--- DATA SECTION ---
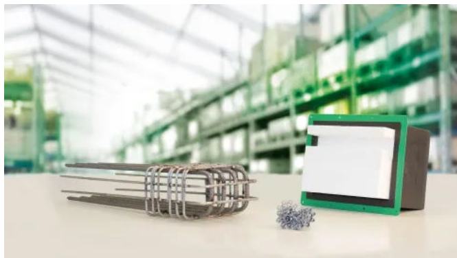
Trittschallschutzelemente für Treppenläufe und -podeste SINTON®

Die Trittschalldämmelemente SINTON® verhindern die Schallübertragung zwischen Treppen, Podesten oder Loggien und den angrenzenden Bereichen. Vom Treppenlauf über Treppenpodeste bis hin zur Wand, mit unterschiedlichen Produktausführungen werden Lärmbeeinträchtigungen in benachbarten Räumen oder Gebäuden gesenkt. Außerdem übertragen die meisten Dämmelemente zum einen Lasten oder Querkräfte und zum anderen, erhöhen sie die Wärmedämmung. In Kombination mit den passenden Zubehörteilen sind die Trittschallelemente somit die erste Wahl für jeden Aufgang.
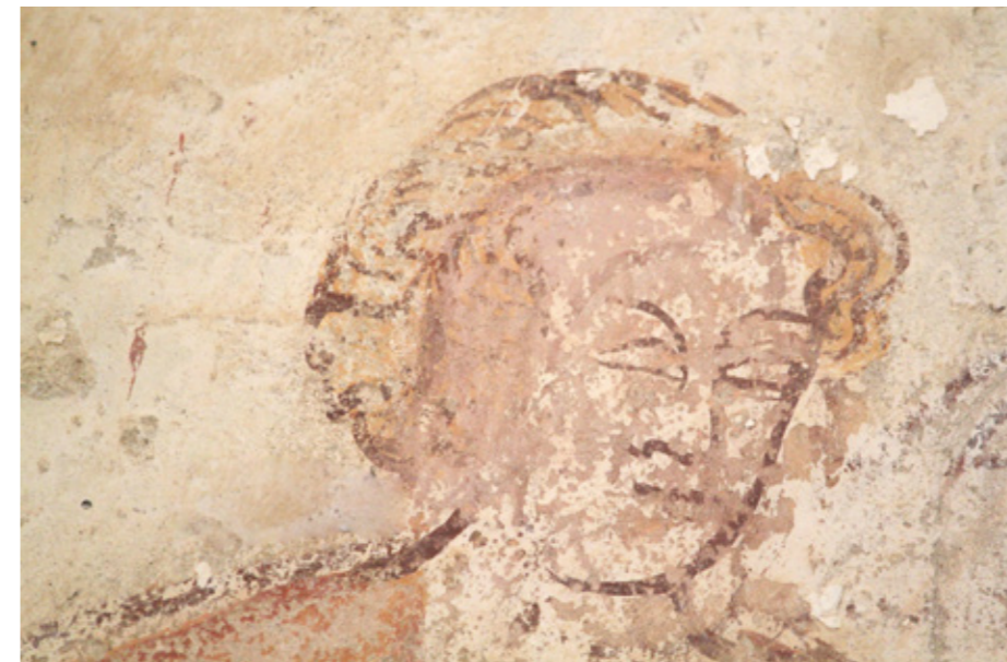
6. Décor mural du XIII e siècle

Drac Centre, Centre régional des monuments historiques : F. Audebrand, Thématique sur les peintures murales (Commission régionale des monuments historiques du 26 juin 2007) [ms], p. 4-6.
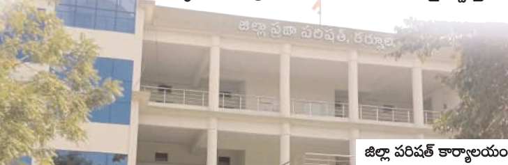
జిల్లా పరిషత్ కార్యాలయం

'కొంతమంది యువకులు ముందు యుగం దూతలు' అన్న శ్రీ శ్రీ మాటలను.. 'ముక్క చుక్క వదిలేసి భవితవ్యం వైపు చుక్కాని అవ్వండి' అన్న వివేకానందుడి మాటలను ఒకసారి మననం చేసుకోవాలి. అఖండ భారత నిర్మాణం కోసం నడుం కట్టి అనుభులు బాసిన యువత నడయాడిన గొప్పదేశం మనది.. అలాంటి దేశంలో కరోజు కొంతమంది యువత గ'మ్మత్తు'గా బ్రతికేందుకే మొగ్గు చూపుతుందేమోనన్న సందేహం కలగక మానదు. ఇప్పుడేదే గమ్మత్తు నగరాలను దాటి పట్టణాలు, మండలాలు, గ్రామాలకూ పాకింది. 'యువత చెడిపోయేందుకు కాదేది అనర్థం' అన్న చందంగా చదువుకోవలసిన వయస్సులో చెడు వ్యసనాల బారిన పడుతూ యుక్తవయసులోనే అనారోగ్యాన్ని కొని తెచ్చుకుంటున్న ఉదంతాలు మన కళ్లకు కనిపిస్తున్నాయి. చిన్న పిల్లలు, యువత, వృద్ధులు అనే తారతమ్యం లేకుండా 'నిక్కరు' వేసుకున్న 20
---
__TASK PROMPT__
If a line of the data holds the string "SINTON", count it. Then state the total and nothing more.

__RESULT__
2